Data is not objective
ed* No. 02/2024 – Chapter 5
Probably the greatest challenge for ensuring safe AI systems lies in the provision of large, representative databases which are relevant to the respective issue and are used to train the underlying AI models. The quality and quantity of data are crucial for the performance and accuracy of AI models. There is a general consensus that neither AI applications nor the data used to train them should contain discriminatory elements or biases. But this is often difficult to avoid in reality. There is a possibility that unequal treatment that occurs in the real world is reflected in the data records without the operators of AI systems even knowing about it. Certain social groups or rare diseases, for example, are not adequately represented in existing data records. Such inaccurate or biased representations of reality harbour the risk that AI systems will not only reproduce but reinforce existing prejudiced decisions from the analogue world. This is particularly problematic when AI systems make decisions that have a direct impact on people’s lives, as is the case in the area of social insurance.
Against this backdrop, it is important to ensure that data is handled responsibly, as required by the General Data Protection Regulation1 also for the use of personal data for AI training. In addition, there must be transparency about how the AI systems work as well as their use, which is why transparency also plays a key role in the AI Act. However, it remains to be seen whether the provisions laid down therein are sufficient. This is because transparency regulations yield nothing as long as it is unclear how AI-based applications come to certain conclusions. Modern AI models with deep neural networks are often so complex that even developers sometimes find it difficult to explain the exact decision-making processes. There is also the question of the extent to which companies are prepared to disclose their AI models, as this could be seen as a loss of competitive advantage.
Data as the basis for transparency and trust
Nevertheless, only on the basis of transparency can people develop trust in AI systems, which increases the acceptance of AI applications, thus ultimately contributing to their successful and wider use. In order to maintain this trust, it is important to continuously scrutinise the further development of AI and correct it as and when required. In the best-case scenario, a balance between human judgement and AI systems can be achieved, ensuring ethical decision-making and accountability on the one hand, and greater efficiency, better resource management and more tailored provision of services on the other.

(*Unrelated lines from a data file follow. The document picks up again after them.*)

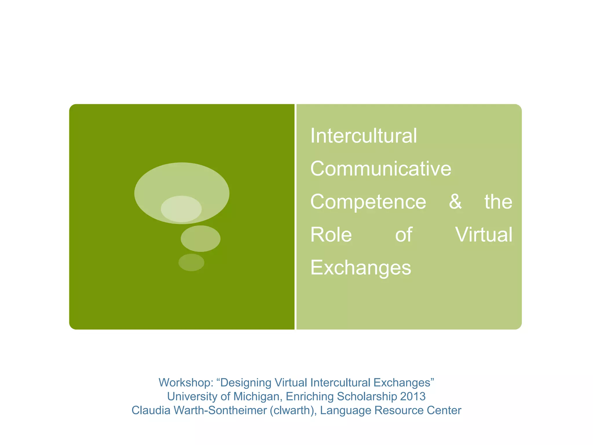 Virtual exchanges can develop intercultural communicative competence (ICC) by providing authentic intercultural interaction using a foreign language in a controlled online environment. ICC involves intercultural competence, cultural competence, and communicative competence, including understanding cultural concepts/artifacts of one's own and other cultures. Byram's model of ICC includes attitudes of openness, knowledge of social groups and cultures, skills in interpreting/relating other cultures and discovering/interacting in intercultural situations, and critical cultural awareness. Learning contents can explore "languaculture," the connection between language and culture, and "rich points" when cultural assumptions differ.
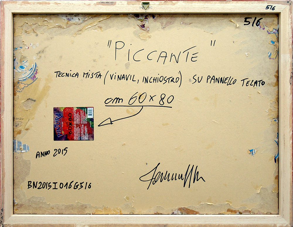 Gianluca Iannuzzi 1975, Benevento (Bn) - [Italia] Piccante tecnica mista su tela applicata su tavola 60x80 cm 2015 firma dell’artista sul retro; opera con cornice certificato di autenticità firmato dall’artista
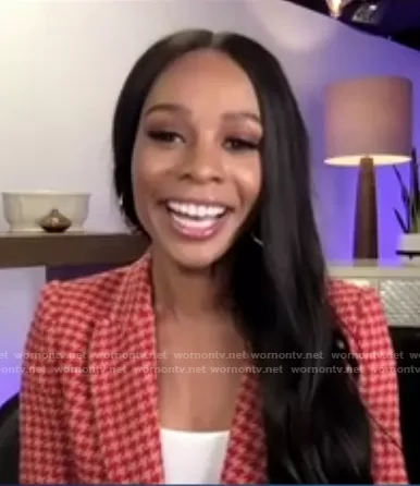 Chamberlain Houndstooth Blazer by L'Agence worn by Zuri Hall on Access Hollywood
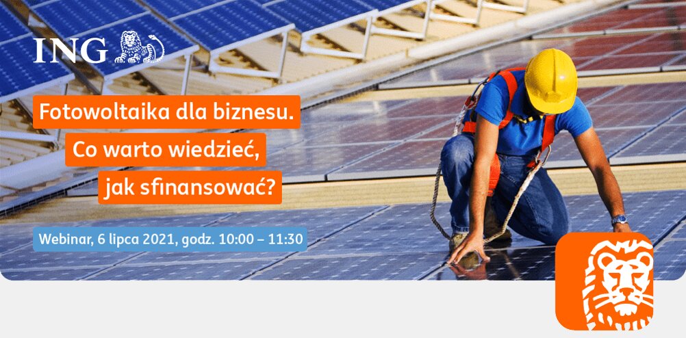 ING Bank Śląski zaprasza na webinar pt. „Fotowoltaika dla biznesu” podczas którego przybliży jak biznes i środowisko mogą iść w parze. Spotkanie odbędzie się we wtorek 6 lipca w godz. 10:00 – 11:30.
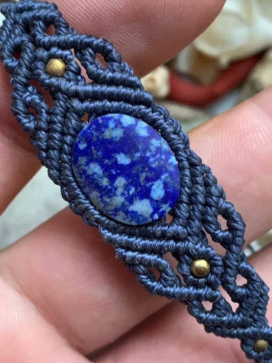 Bracelet fait main en coton tressé et pierre naturelle en lapis lazuli – Création unique Créatipik 🧵
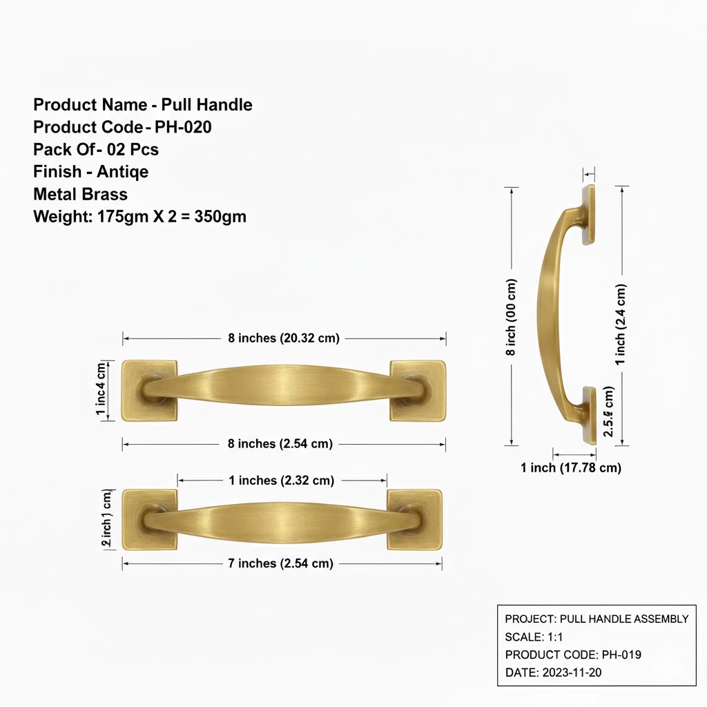 Upgrade your doors with this premium Brass Pull Handle designed in an elegant antique finish. Crafted from solid brass, it combines durability with timeless style, making it ideal for wooden doors, cabinets, and wardrobes. Its smooth grip and sturdy construction ensure both functionality and sophistication for your interiors.
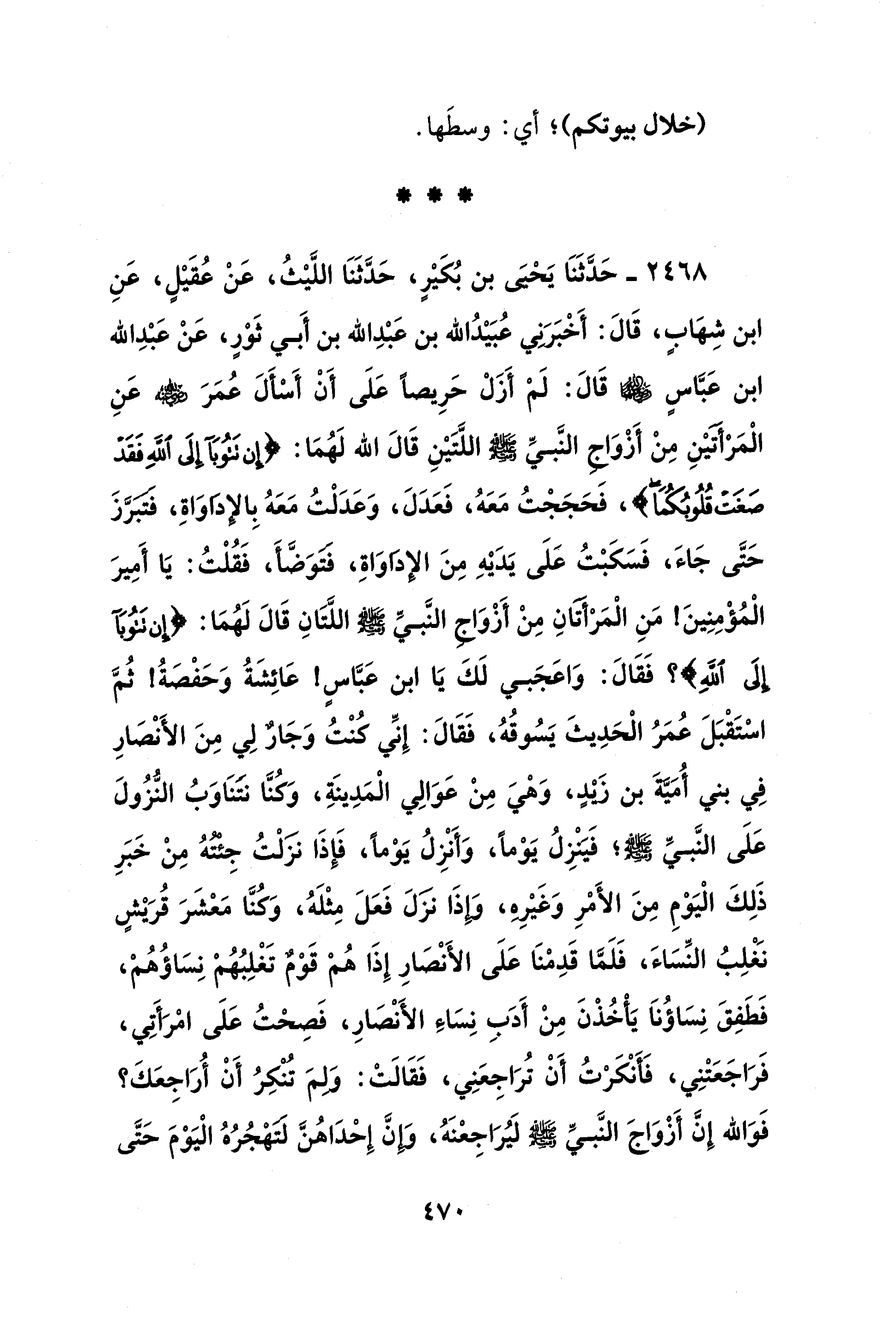 2468 - حَدَّثَنَا يَحْيَى بن بُكَيْرٍ، حَدَّثَنَا اللَّيْثُ، عَنْ عُقَيْلٍ، عَنِ ابن شِهَابٍ، قَالَ: أَخْبَرَني عُبَيْدُ الله بن عَبْدِ الله بن أَبي ثَوْرٍ، عَنْ عَبْدِ الله ابن عَبَّاسٍ قَالَ: لَمْ أَزَلْ حَرِيصًا عَلَى أَنْ أَسْأَلَ عُمَرَ - رضي الله عنه - عَنِ الْمَرأتيْنِ مِنْ أَزْوَاجِ النَّبيِّ - صلى الله عليه وسلم - اللَّتَيْنِ قَالَ الله لَهُمَا: {إِنْ تَتُوبَا إِلَى اللَّهِ فَقَدْ صَغَتْ قُلُوبُكُمَا}، فَحَجَجْتُ مَعَهُ، فَعَدَلَ، وَعَدَلْتُ مَعَهُ بِالإداوَاةِ، فتبرَّزَ حَتَّى جَاءَ، فَسَكَبْتُ عَلَى يَدَيْهِ مِنَ الإداوَاةِ، فتوَضَّأ، فَقُلْتُ: يَا أَمِيرَ الْمُؤْمِنِينَ! مَنِ الْمَرْأتانِ مِنْ أَزْوَاجِ النَّبيِّ - صلى الله عليه وسلم - اللَّتَانِ قَالَ لَهُمَا: {إِنْ تَتُوبَا إِلَى اللَّهِ}؟ فَقَالَ: وَاعَجَبي لَكَ يَا ابن عَبَّاسٍ عَائِشَةُ وَحَفْصَةُ ثُمَّ اسْتَقْبَلَ عُمَرُ الْحَدِيثَ يَسُوقُهُ، فَقَالَ: إِنِّي كُنْتُ وَجَارٌ لِي مِنَ الأَنْصَارِ فِي بني أُمَيَّةَ بن زيدٍ، وَهْيَ مِنْ عَوَالِي الْمَدِينَةِ، وَكنَّا نتَنَاوَبُ النُّزُولَ عَلَى النَّبيِّ - صلى الله عليه وسلم -؛ فَيَنْزِلُ يَومًا، وَأَنْزِلُ يَومًا، فَإِذَا نزلْتُ جِئتهُ مِنْ خَبَرِ ذَلِكَ الْيَوْمِ مِنَ الأَمْرِ وَغيْرِهِ، وإذَا نزلَ فَعَلَ مِثْلَهُ، وَكنَّا مَعْشَرَ قُرَيْشٍ نَغْلِبُ النِّسَاءَ، فَلَمَّا قَدِمْنَا عَلَى الأَنْصَارِ إِذَا هُمْ قَوْمٌ تَغْلِبُهُمْ نِسَاؤُهُمْ، فَطَفِقَ نِسَاؤُناَ يَأخُذْنَ مِنْ أَدَبِ نِسَاء الأَنْصَارِ، فَصِحْتُ عَلَى امْرَأَتِي، فَرَاجَعَتْنِي، فَأَنْكَرْتُ أَنْ تُرَاجِعَنِي، فَقَالَتْ: وَلم تُنْكِرُ أَنْ أُرَاجِعَكَ؟ فَوَالله إِنَّ أَزْوَاجَ النَّبيِّ - صلى الله عليه وسلم - لَيُرَاجِعْنَهُ، وإنَّ إحْدَاهُنَّ لتهْجُرُهُ الْيَوْمَ حَتَّى
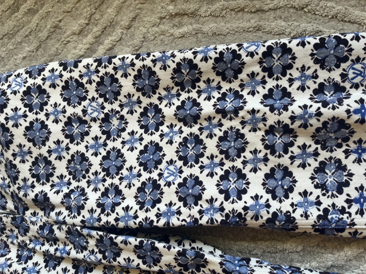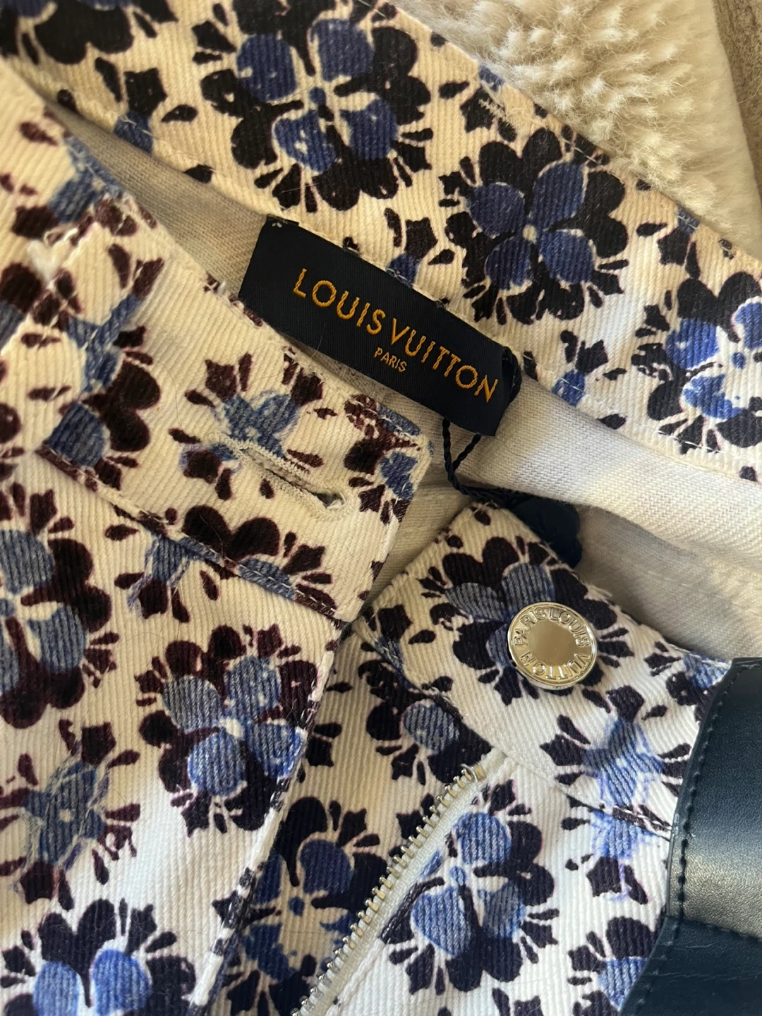 These pants feature a white base with a vibrant floral print in blue and black. They're made from a comfortable material suitable for everyday wear. The distinctive pattern makes them a stylish addition to any wardrobe.
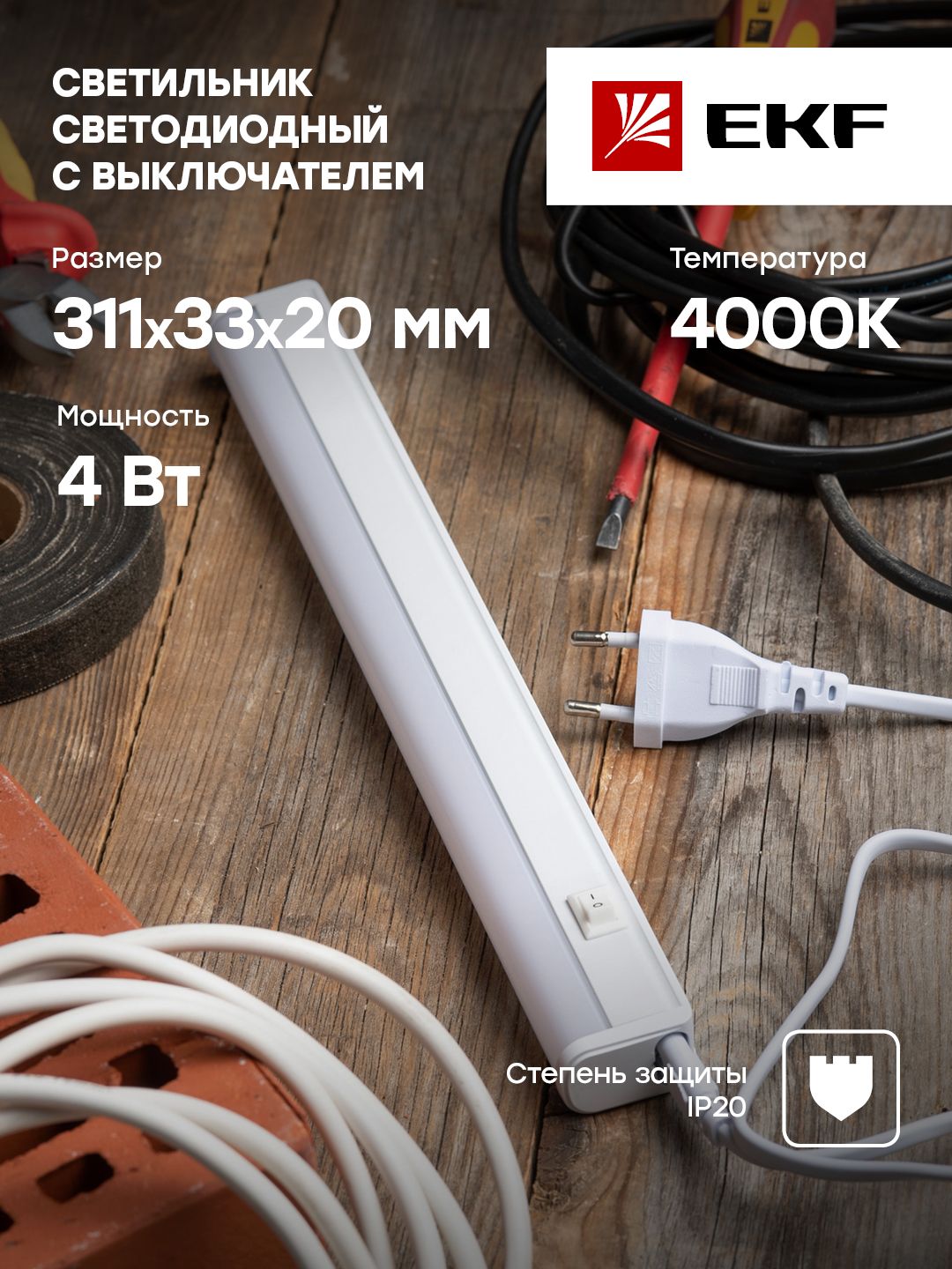 Описание Светильник светодиодный ДБОВ-7101 4Вт 4000К IP20 линейный с выключателем Basic LBS-7101-4-4000
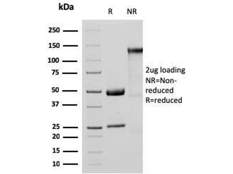 Known Application: ELISA (Use Ab at 2-4 μg/mL for coating) (Order Ab without BSA), Western Blot (0.5-2 μg/mL),Immunohistochemistry (Formalin-fixed) (1-2 μg/mL for 30 minutes at RT)(Staining of formalin-fixed tissues requires boiling tissue sections in 10 mM Tris with 1 mM EDTA, pH 9.0, for 10-20 min followed by cooling at RT for 20 minutes)Optimal dilution for a specific application should be determined.
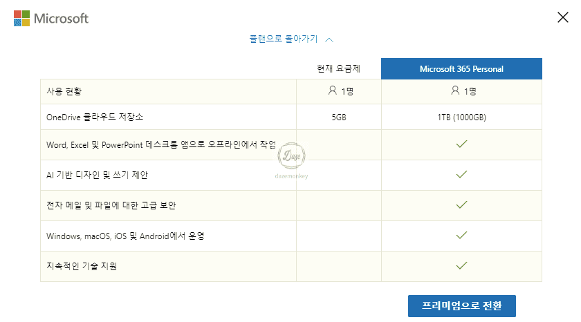 여기서 주의깊게 봐야 할 점이 아래를 보면 1개월 무료 체험이 있다. 이것을 이용하면 엑셀 무료 다운로드 가능하다.
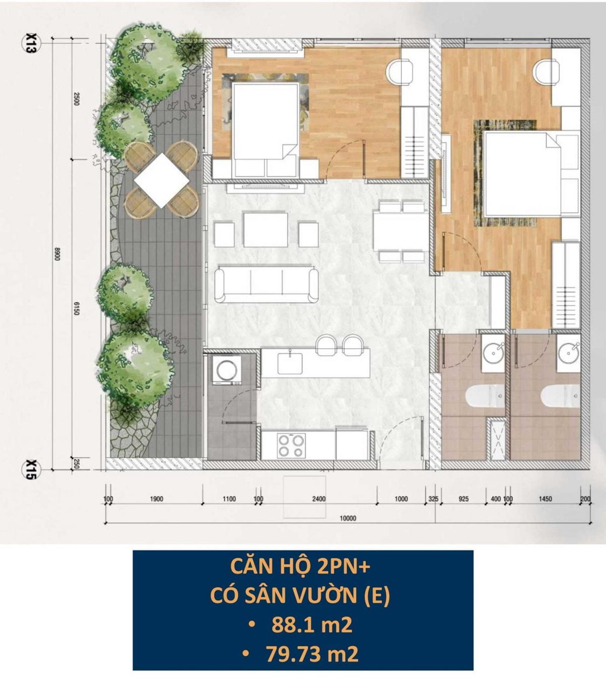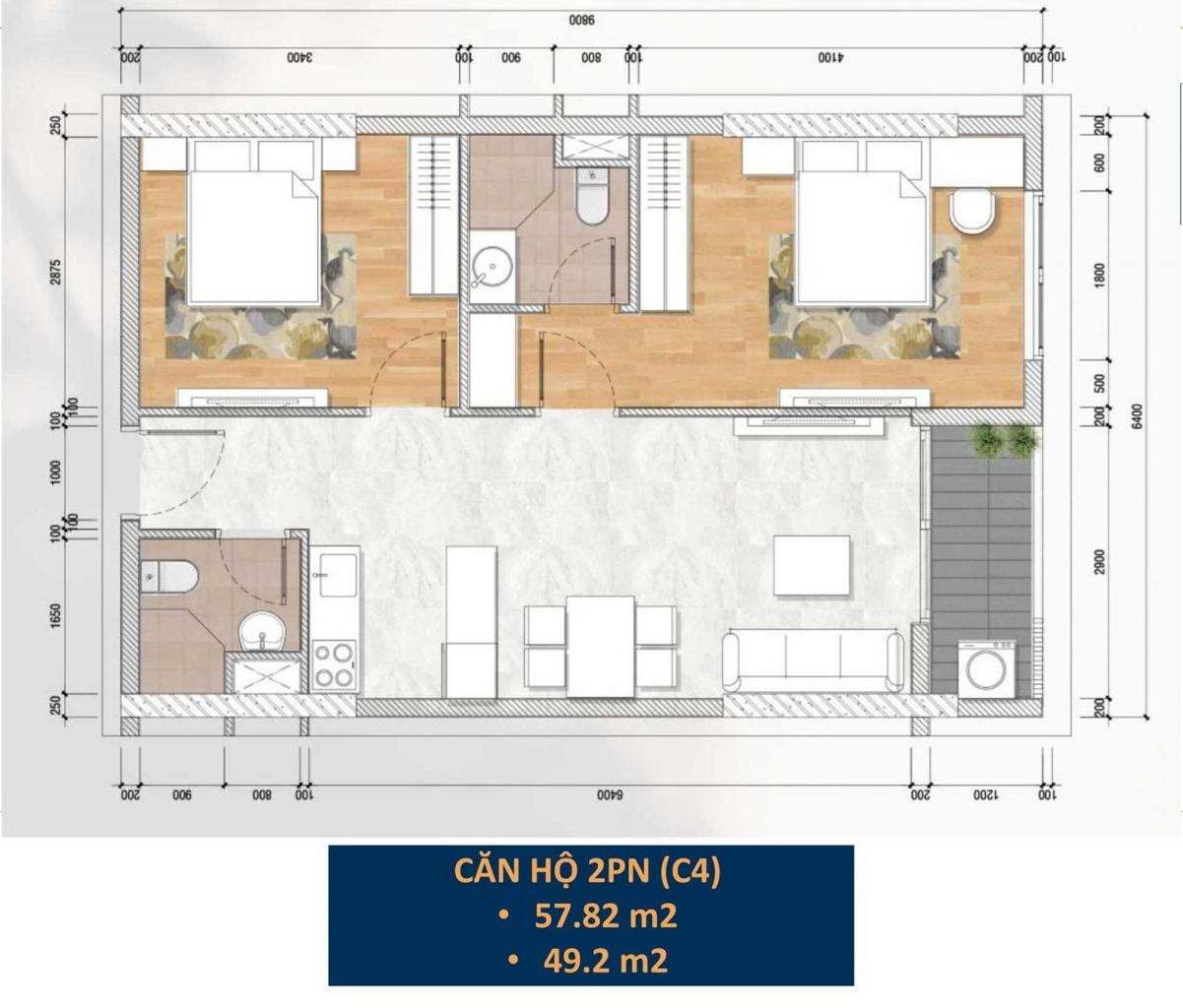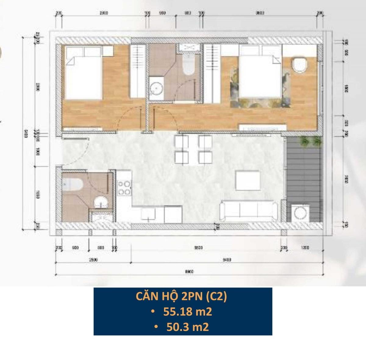 - 2 phòng ngủ: 55m2 – 60m2 – 71m2

The value of personal data is constantly increasing as more and more high-quality data is required for ever more powerful and accurate AI models and applications. Since the start of the legislative process to establish a European Health Data Space (EHDS)– one of nine future cross-sector data spaces – health data has been at the centre of general interest at EU level. The EHDS is to enable better utilisation of health data for scientific research in the health and care sector – also explicitly for training, testing and evaluation of algorithms. In the case of sensitive health data in particular, it is crucial that insured persons have the opportunity to object to the disclosure of their personal electronic health data for secondary data use. For this reason, an objection regulation, the so-called opt-out, was introduced. The aim is to strike a balance between the needs of data users for comprehensive and representative data records – for example for AI-based research – and the preservation of people’s autonomy over their own health data.